Eat, Shoots and Leaves by Lynne Truss: a re-read, just to keep updated. As you can tell from the grammar of this post, I did not adhere to all it taught. Her enraged passion for apostrophes is contagious though.
Catching Fire, Suzanne Collins: it has remained half read on my Kindle for months. So I finished it off. I think we all know how it goes.
Freakonomics by Stephen D Levitt and Stephen J Dubnar: Easily the best book I have read this year. Utterly fascinating. Lots of Chicago examples, which I loved, but overall it is a phenomenal book that challenges how you think. I love data: I spend much of my day analysing and making decisions using it. This book urges you to think slightly differently and perhaps find another rationale for something- or another route to take. I loved it. Superfreakonomics is also fascinating.
The Sunrise by Victoria Hislop: Holiday reading. I have read The Return, when in Spain (easily the best one), The Island, when in Corfu (and learned a lot about Leprosy) and now The Sunrise in Cyprus. It was certainly educational in terms of helping me understand the Greek/Turkish split of Cyprus. Also, I am fascinated by ghost towns, and the novel is based in the 1970s in a town called Famagusta that was then abandoned, and remains abandoned to this day. Google it. It’s not high brow literature, by any stretch, but it’s nice to read a bit of easy fiction set where you are reading it.
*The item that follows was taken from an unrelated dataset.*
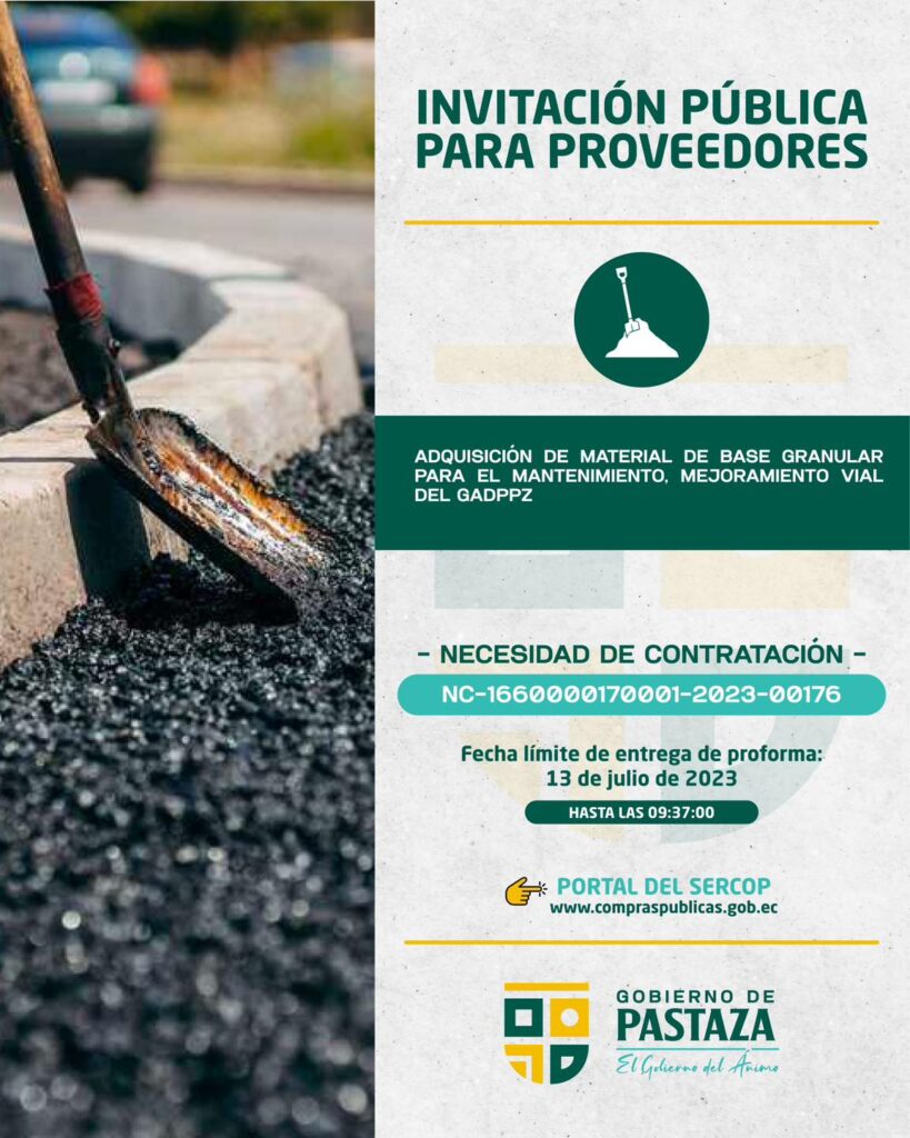 ADQUISICIÓN DE MATERIAL DE BASE GRANULAR PARA EL MANTENIMIENTO, MEJORAMIENTO VIAL DEL GADPPZ

I saved “Grey” by E L James for the end of the week. I have still only read the first 100 pages. Maybe I have matured. Or maybe the book is just awful. If you have read the first 3, remember how- after a while- it was infuriating that she KEPT biting her lip? And he was obsessed with forcing her to eat meals? Well, that’s all there. However, in addition, there is the overuse of the word “twitching”. I put the book down and I haven’t picked it up since I returned. Too much twitching for my liking.